* Prompt:
Look for the line containing "Transform your kitchen" and the line containing "Fernseher, Schreibtisch, Zimmer/App." in the entries below. Copy those two and all lines between them exactly, leaving out pictures.

* Exercise data:

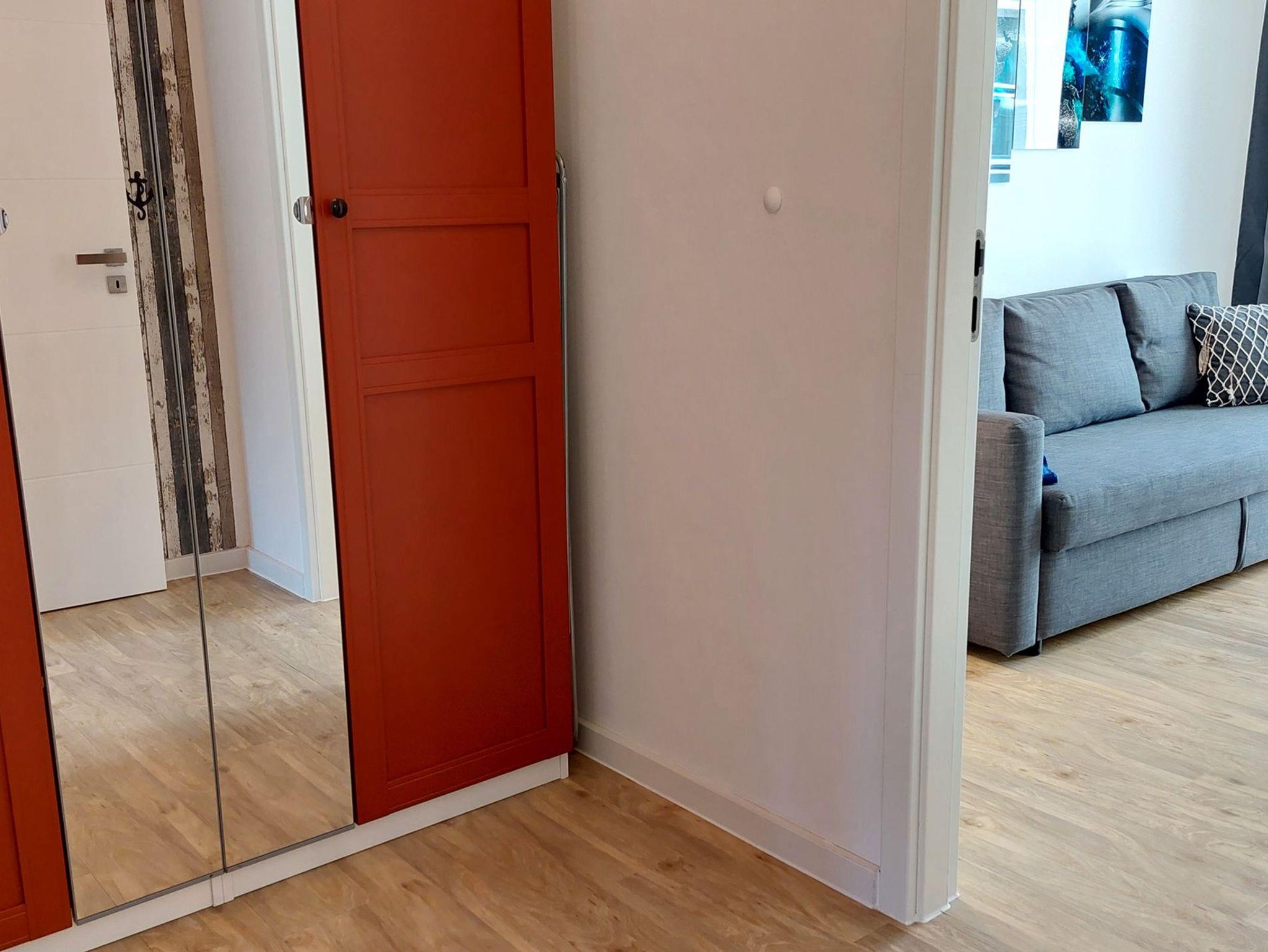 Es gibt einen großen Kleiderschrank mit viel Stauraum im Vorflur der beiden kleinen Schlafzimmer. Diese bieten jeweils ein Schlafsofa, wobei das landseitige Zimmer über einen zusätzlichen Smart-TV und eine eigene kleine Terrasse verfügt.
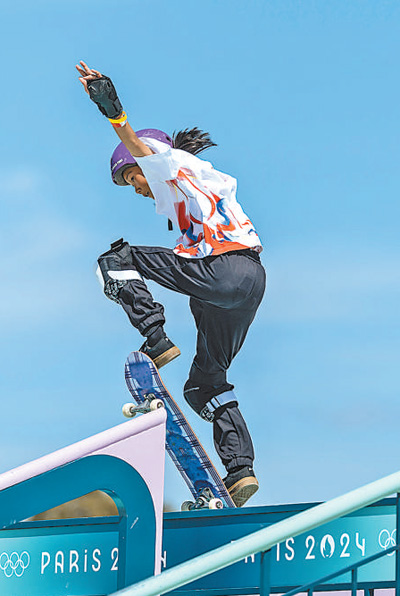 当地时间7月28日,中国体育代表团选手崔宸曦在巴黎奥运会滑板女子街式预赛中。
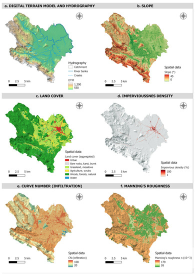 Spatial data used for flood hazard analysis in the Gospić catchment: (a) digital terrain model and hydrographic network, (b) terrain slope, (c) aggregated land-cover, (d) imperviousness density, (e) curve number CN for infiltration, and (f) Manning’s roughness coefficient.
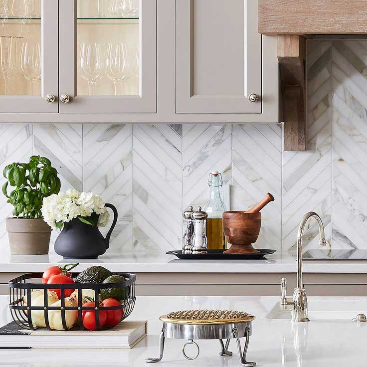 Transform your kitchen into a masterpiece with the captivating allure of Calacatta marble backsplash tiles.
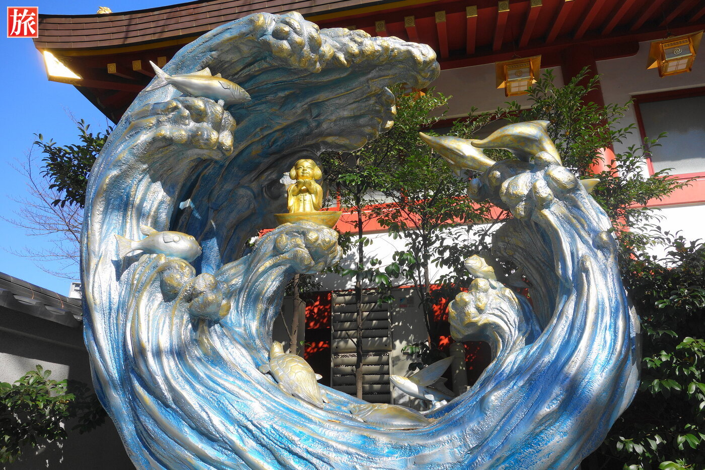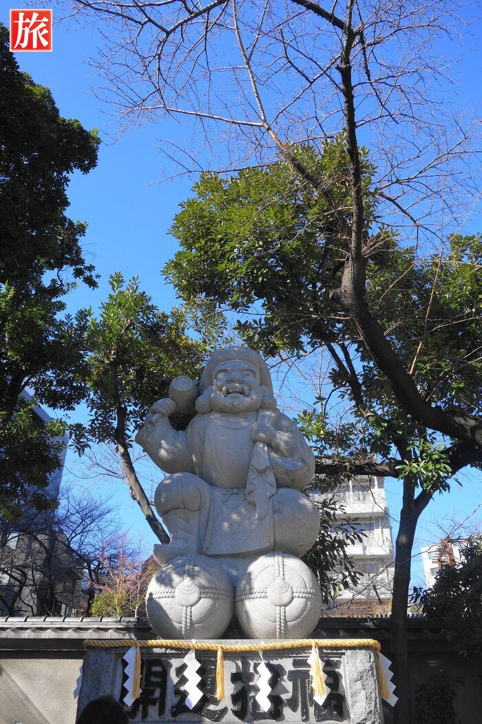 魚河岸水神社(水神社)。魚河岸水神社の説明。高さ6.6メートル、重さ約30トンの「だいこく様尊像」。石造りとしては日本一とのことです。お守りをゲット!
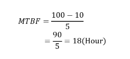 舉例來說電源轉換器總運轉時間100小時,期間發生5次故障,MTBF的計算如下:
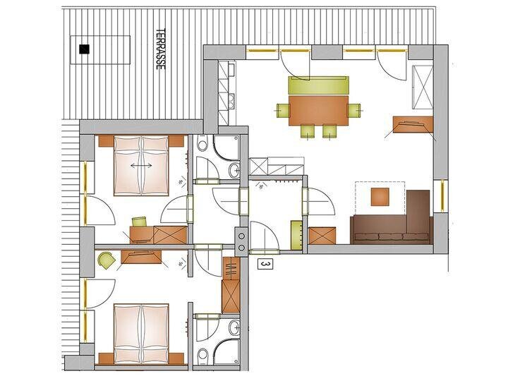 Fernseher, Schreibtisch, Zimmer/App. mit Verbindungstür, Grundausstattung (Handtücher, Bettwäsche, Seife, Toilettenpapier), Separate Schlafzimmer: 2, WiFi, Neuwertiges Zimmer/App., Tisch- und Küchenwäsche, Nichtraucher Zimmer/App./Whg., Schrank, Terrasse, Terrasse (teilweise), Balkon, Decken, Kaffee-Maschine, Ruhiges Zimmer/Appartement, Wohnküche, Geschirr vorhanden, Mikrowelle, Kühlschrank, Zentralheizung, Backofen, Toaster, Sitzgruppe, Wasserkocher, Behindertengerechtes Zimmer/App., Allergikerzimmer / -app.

--

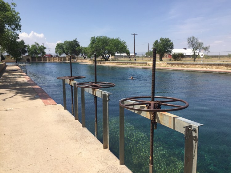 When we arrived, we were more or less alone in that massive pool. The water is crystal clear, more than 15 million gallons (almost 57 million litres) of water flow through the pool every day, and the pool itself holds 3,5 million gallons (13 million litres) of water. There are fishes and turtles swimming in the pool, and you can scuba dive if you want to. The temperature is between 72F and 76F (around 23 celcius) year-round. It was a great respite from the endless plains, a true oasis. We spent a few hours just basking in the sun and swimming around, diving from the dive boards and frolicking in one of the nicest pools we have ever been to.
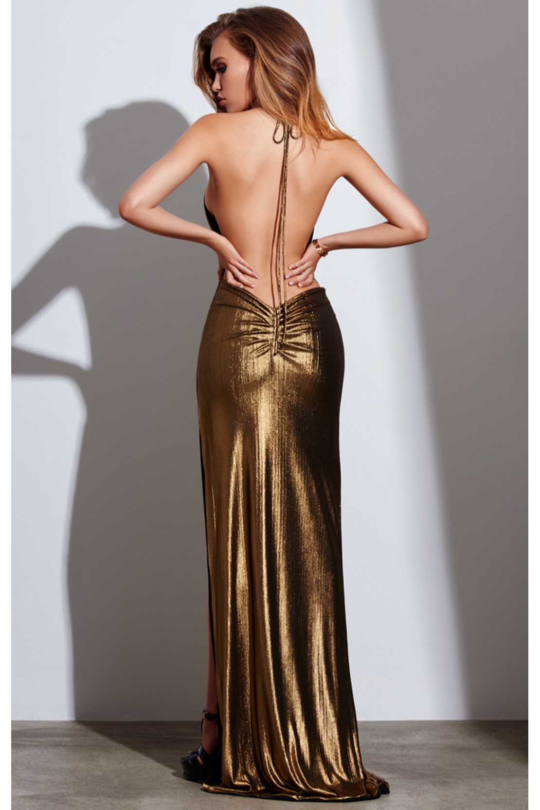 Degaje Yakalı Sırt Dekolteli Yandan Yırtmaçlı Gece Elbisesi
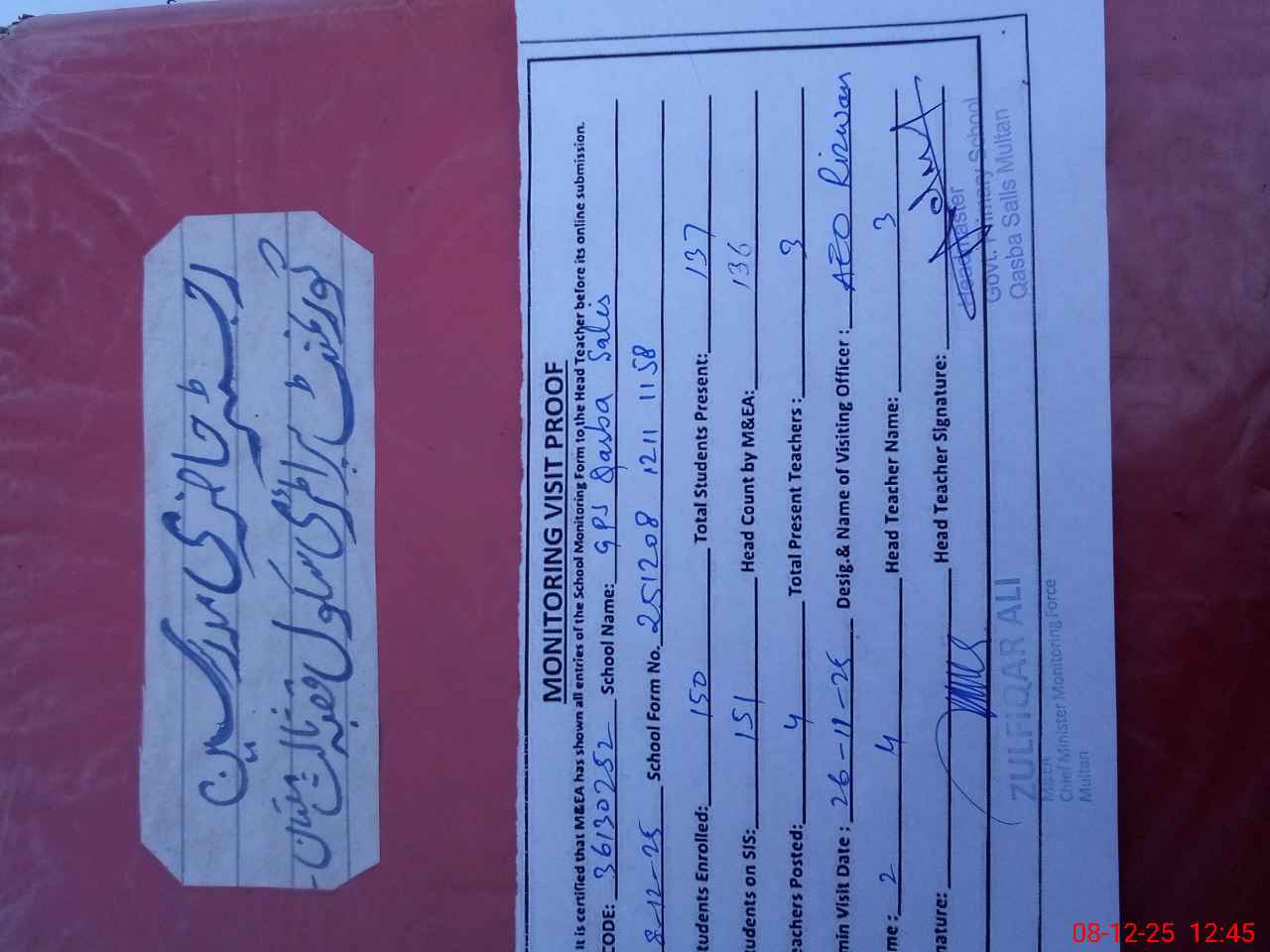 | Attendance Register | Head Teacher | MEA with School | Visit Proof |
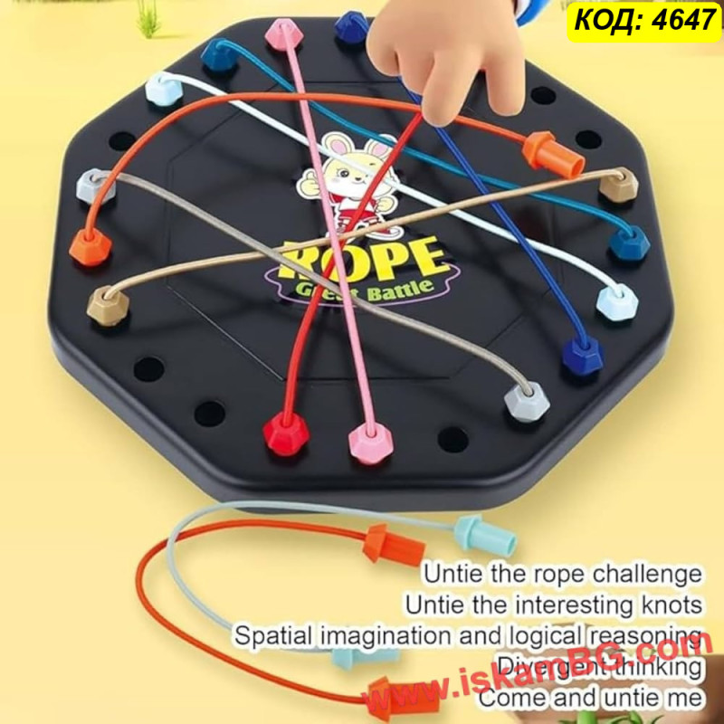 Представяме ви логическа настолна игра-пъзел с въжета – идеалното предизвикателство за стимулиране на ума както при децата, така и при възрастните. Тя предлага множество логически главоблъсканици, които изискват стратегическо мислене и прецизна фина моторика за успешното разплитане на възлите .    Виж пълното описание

==

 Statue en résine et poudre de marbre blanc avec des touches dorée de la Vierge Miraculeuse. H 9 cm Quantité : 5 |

* Response to this exercise:
 Transform your kitchen into a masterpiece with the captivating allure of Calacatta marble backsplash tiles.
 魚河岸水神社(水神社)。魚河岸水神社の説明。高さ6.6メートル、重さ約30トンの「だいこく様尊像」。石造りとしては日本一とのことです。お守りをゲット!
 舉例來說電源轉換器總運轉時間100小時,期間發生5次故障,MTBF的計算如下:
 Fernseher, Schreibtisch, Zimmer/App. mit Verbindungstür, Grundausstattung (Handtücher, Bettwäsche, Seife, Toilettenpapier), Separate Schlafzimmer: 2, WiFi, Neuwertiges Zimmer/App., Tisch- und Küchenwäsche, Nichtraucher Zimmer/App./Whg., Schrank, Terrasse, Terrasse (teilweise), Balkon, Decken, Kaffee-Maschine, Ruhiges Zimmer/Appartement, Wohnküche, Geschirr vorhanden, Mikrowelle, Kühlschrank, Zentralheizung, Backofen, Toaster, Sitzgruppe, Wasserkocher, Behindertengerechtes Zimmer/App., Allergikerzimmer / -app.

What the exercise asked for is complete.